TASK REQUIREMENTS:
Please copy only the material from the line that has "后排空间是这款车的核心舞台。" to the very last line, both ends included, exactly as written and without pictures.

DATASET EXCERPT:
########################################
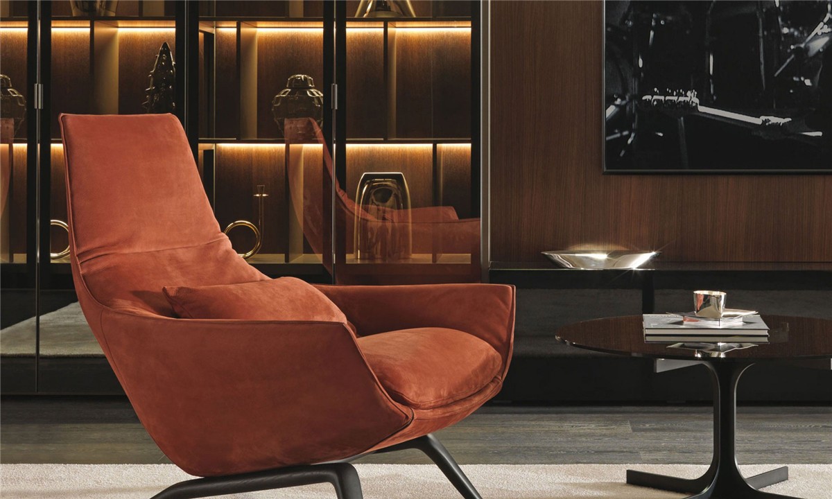 A reinterpretation of the wraparound design of the Ermes chair with the use of special color and material choices. The usual craftsmanship for every little detail highlights the unusual combinations, emphasizing the aesthetic qualities of the product. Full shapes create an intimate dimension, an invitation to relax.
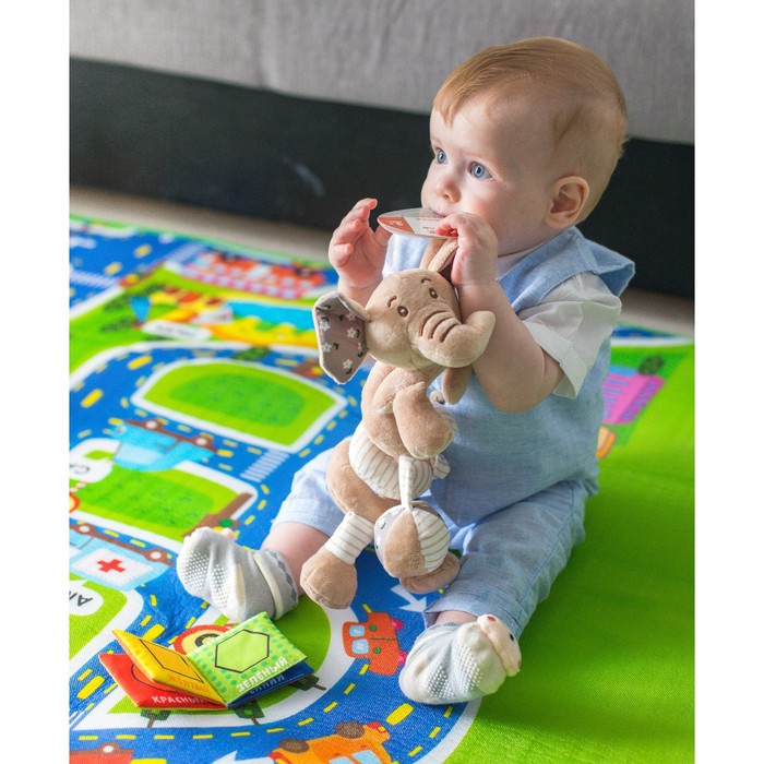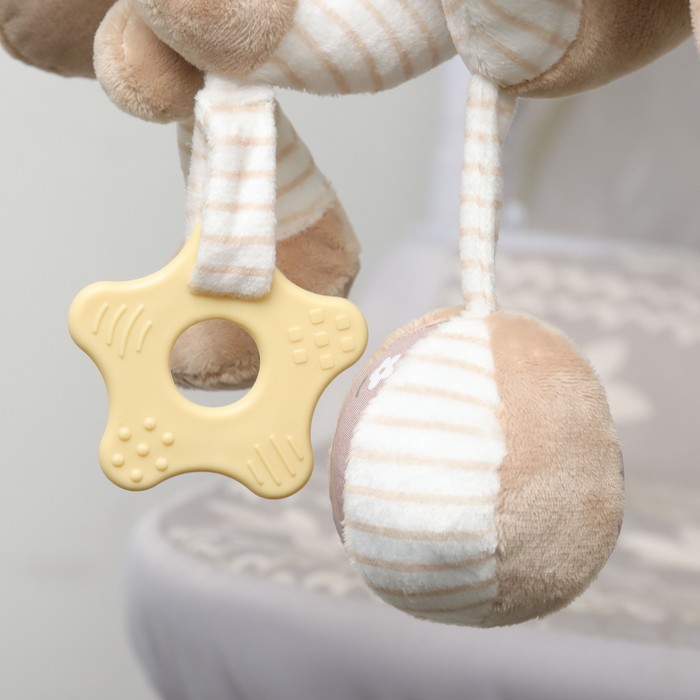 Звук в модели появляется при встряхивании. Причудливая форма надолго займёт внимание карапуза. Погремушку удобно использовать: лёгкая вещица подходит для захвата маленькими ладошками.
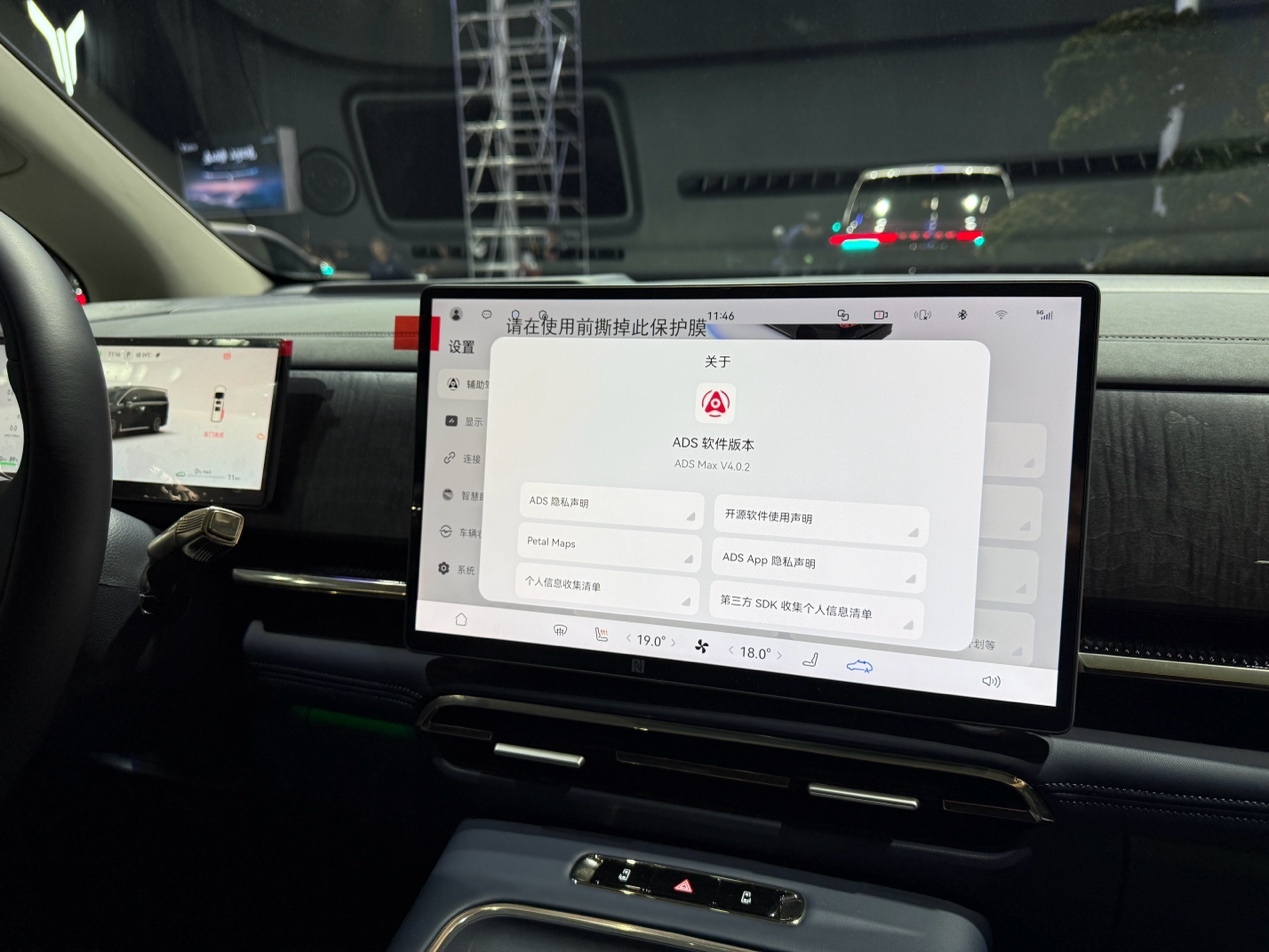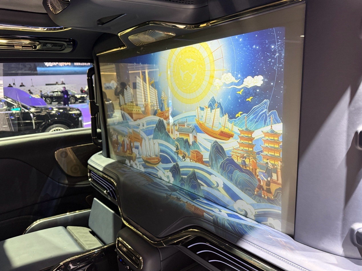后排空间是这款车的核心舞台。最引人注目的是那块超大的娱乐屏幕,其上展示的国风插画将山水、帆船、楼阁元素融为一体,色彩明快且细节丰富,瞬间将车内空间的氛围感拉满。屏幕并非单纯的娱乐载体,其边框与周围的饰板采用了一体化设计,过渡自然。
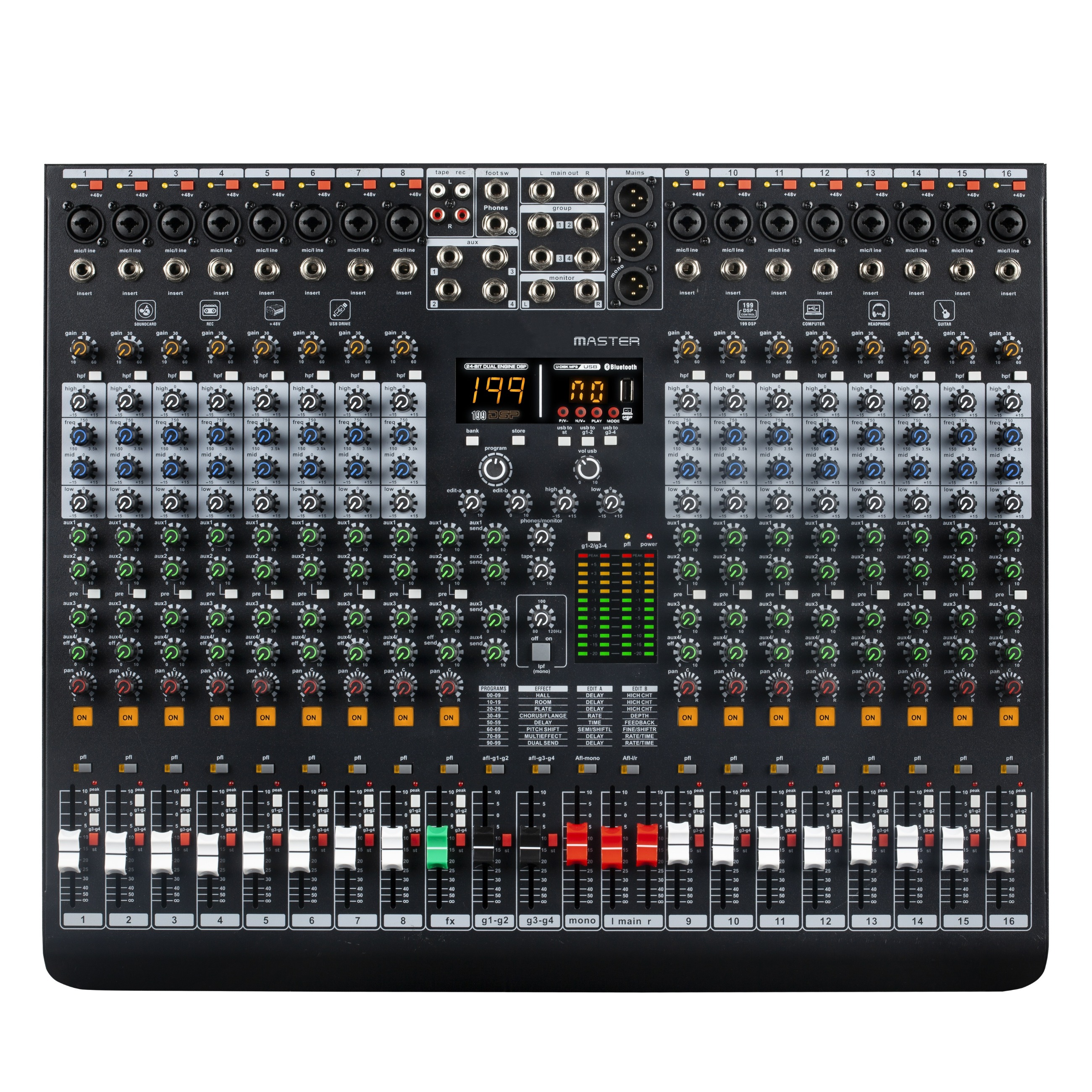 功能特點(diǎn):1.專業(yè)調(diào)音臺(tái),采用超低噪聲離散式麥克風(fēng)前置放大器和+48V幻象電源,功能強(qiáng)大齊全,音質(zhì)動(dòng)聽。2.提供16路Mic輸入接口兼容16路線路輸入接口,16路斷點(diǎn)(INSERT)輸入,每通道帶低切功能。3.提供16路每通道+48V幻象電源,主聲4排電平燈。4.每路單聲道輸入通道設(shè)有4段EQ(立體聲三段),分路通道設(shè)有壓限控制,設(shè)有峰值指示燈。5.提供4組輔助輸出、4編組輸出、1組立體聲監(jiān)聽輸出
########################################
EXPECTED OUTPUT:
后排空间是这款车的核心舞台。最引人注目的是那块超大的娱乐屏幕,其上展示的国风插画将山水、帆船、楼阁元素融为一体,色彩明快且细节丰富,瞬间将车内空间的氛围感拉满。屏幕并非单纯的娱乐载体,其边框与周围的饰板采用了一体化设计,过渡自然。
 功能特點(diǎn):1.專業(yè)調(diào)音臺(tái),采用超低噪聲離散式麥克風(fēng)前置放大器和+48V幻象電源,功能強(qiáng)大齊全,音質(zhì)動(dòng)聽。2.提供16路Mic輸入接口兼容16路線路輸入接口,16路斷點(diǎn)(INSERT)輸入,每通道帶低切功能。3.提供16路每通道+48V幻象電源,主聲4排電平燈。4.每路單聲道輸入通道設(shè)有4段EQ(立體聲三段),分路通道設(shè)有壓限控制,設(shè)有峰值指示燈。5.提供4組輔助輸出、4編組輸出、1組立體聲監(jiān)聽輸出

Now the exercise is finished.